What is Bitcoin?

Bitcoins are created through a process called mining, which involves competing to find solutions to a mathematical problem while processing bitcoin transactions. What is that mathematical problem?

Participants or miners, who use the bitcoin stack to run the bitcoin network on their machine, use their computer’s processing power to verify and record transactions. Every 10 minutes, on average, a bitcoin miner is able to validate the transaction of the past 10 minutes and is rewarded with brand new bitcoin. How is this helpful? This mining thing decentralizes the currency-issuance and clearing functions of a central bank and replaces the need for any central bank (RBI). No single authority has the power to print money in any way they wish.

So, what would happen if we mined all the bitcoins? How will miners get incentivized to keep running their node? The miners will be incentivized with the fees alone. The process of mining bitcoins involves halving the block reward approximately every four years. Based on this information, it is estimated that the last bitcoin will be mined around the year 2140.

Bitcoin represents the culmination of decades of research in cryptography and distributed systems and includes four key innovations brought together in a unique and powerful combination. Bitcoin consists of:

1. A decentralized Peer-to-peer network (the bitcoin protocol)
2. A public transaction ledger (the blockchain)
3. A set of rules for independent transaction validation and currency issuance (consensus rules)
4. A mechanism for reaching global decentralized consensus on the valid blockchain (Proof-Of-Work algorithm)

The key innovation was to use a distributed computation system (called Proof-Of-Work) to conduct a global “election” every 10 minutes, allowing the decentralized network to arrive at consensus about the state of transactions.

Bitcoin Wallet

A bitcoin wallet is the most common user interface to the bitcoin system, just like a web browser is the most common user interface for the HTTP protocol.
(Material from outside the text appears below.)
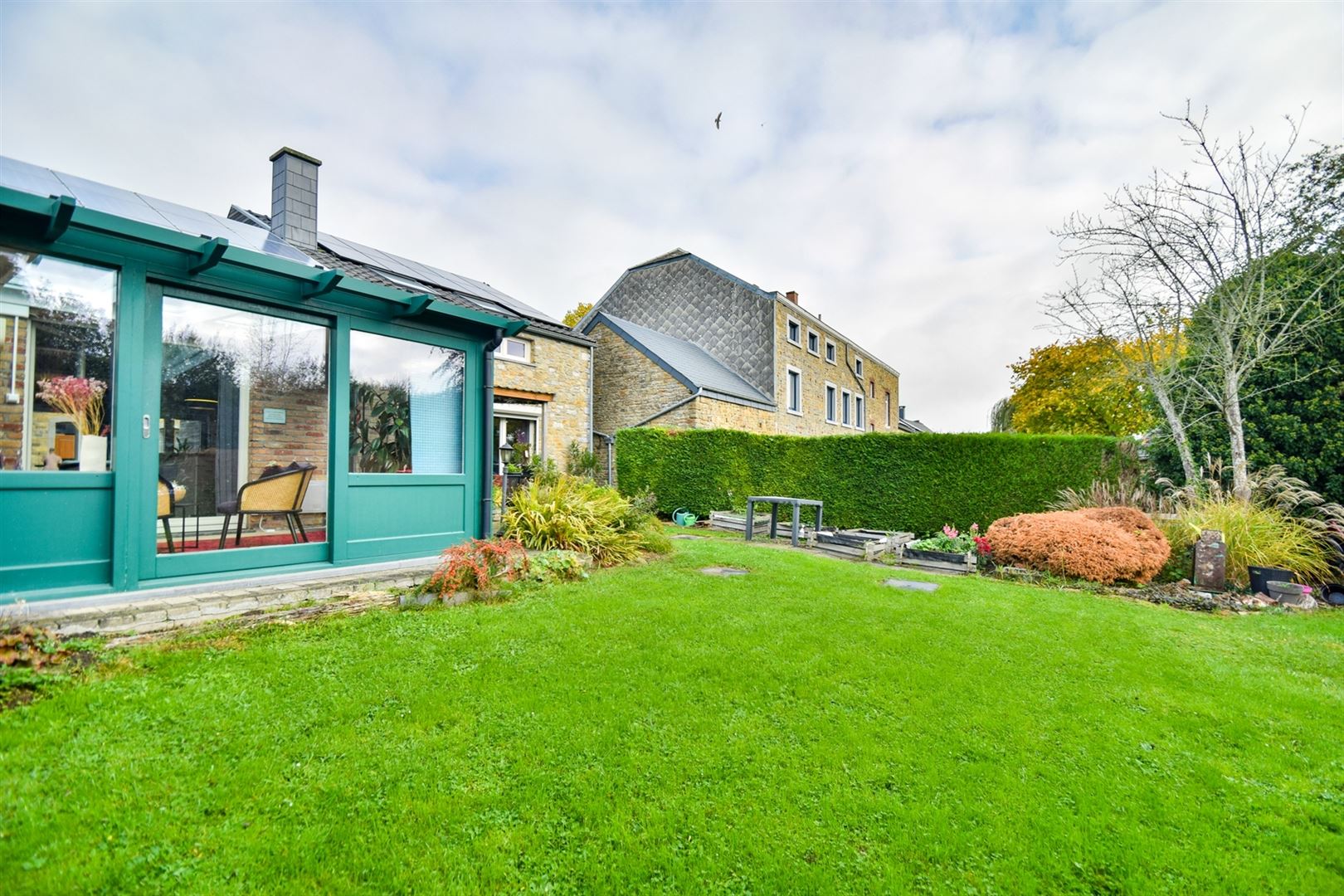 Idéalement située dans un environnement calme et paisible, charmante maison de campagne entièrement rénovée qui se compose comme suit: au rez-de-chaussée; hall d'entrée avec espace vestiaire, spacieux et lumineux séjour ouvert sur une cuisine entièrement équipée, agréable véranda, première chambre avec dressing et salle de bains. Au 1er étage; palier de nuit, deux belles grandes chambres de ± 11m² et 14m², quatrième chambre de 9m² avec douche et WC, bureau ou second salon et salle de douche. Cette jolie propriété bénéficie également d'une terrasse, d'un abri de jardin et d'un joli jardin bien orienté SUD-EST. Caractéristiques techniques: chauffage central avec pompe à chaleur DAIKIN, poêle à pellets, air conditionné réversible dans la véranda, toiture tuiles isolée (15cm - 30cm), murs intérieurs isolés (13cm), plancher sur cave isolé (6cm), excellente performance énergétique (PEB B!), 34 panneaux photovoltaïques, volets électriques, citerne d'eau de pluie avec groupe hydrophore et 3 filtres, mini-station d'épuration. Idéale pour une habitation familiale ou une seconde résidence, cette jolie bâtisse vous séduira par son côté chaleureux, son style unique et son grand confort intérieur. Faire offre à partir de 379.000€ (sous réserve de l'acceptation du propriétaire). Informations données à titre indicatif et non contractuel. www.immo-bertrand.be
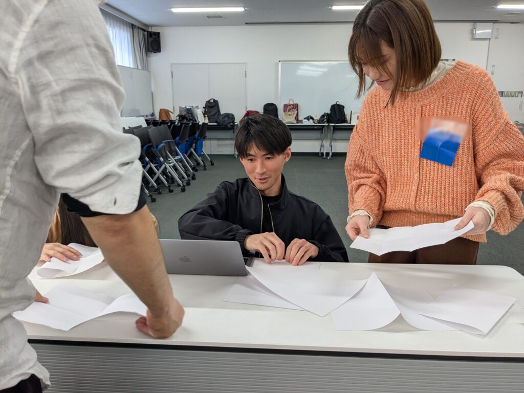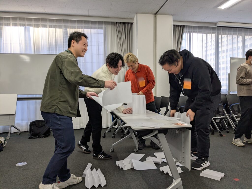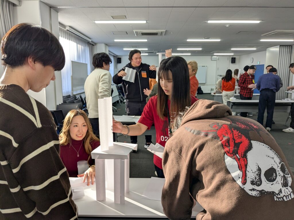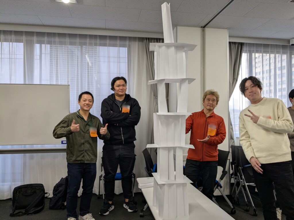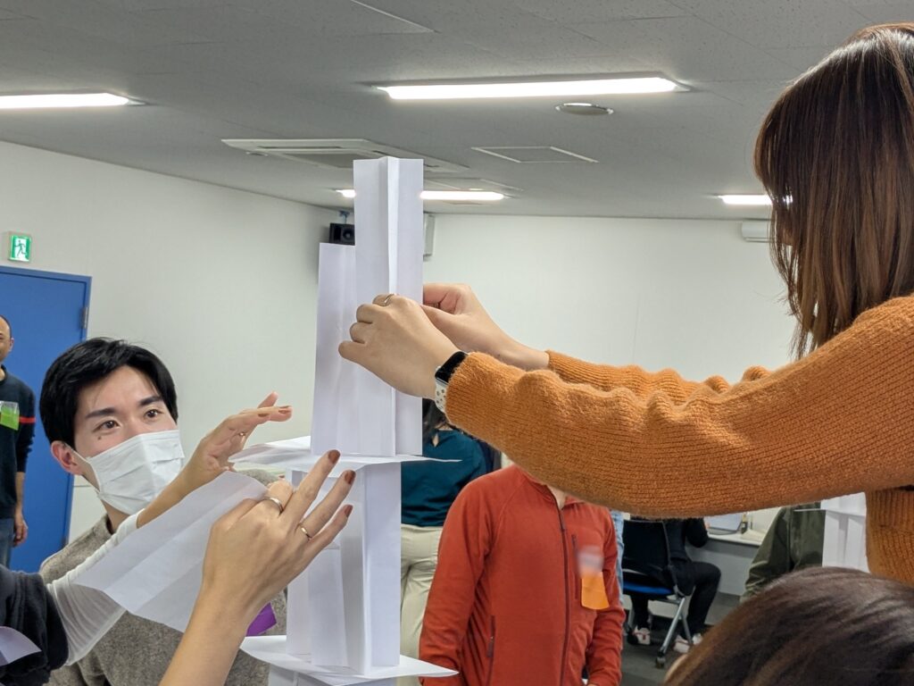 各チームに同じ枚数配られたA4の紙を、制限時間内にいかに高く積み上げられるかで競います。

1. Full-node client: It stores the entire history of bitcoin transactions, manages user’s wallets, and can initiate transactions directly on the bitcoin network. (desktop full client)
2. Lightweight client: also known as simple-payment-verification (SPV) client connects to bitcoin full nodes for access to the bitcoin transaction information, but stores the user wallet locally and independently creates, validates, and transmits transactions. (mobile lightweight wallet)
3. Third-party API client: interacts with bitcoin network through a third-party APIs. (web third-party wallet)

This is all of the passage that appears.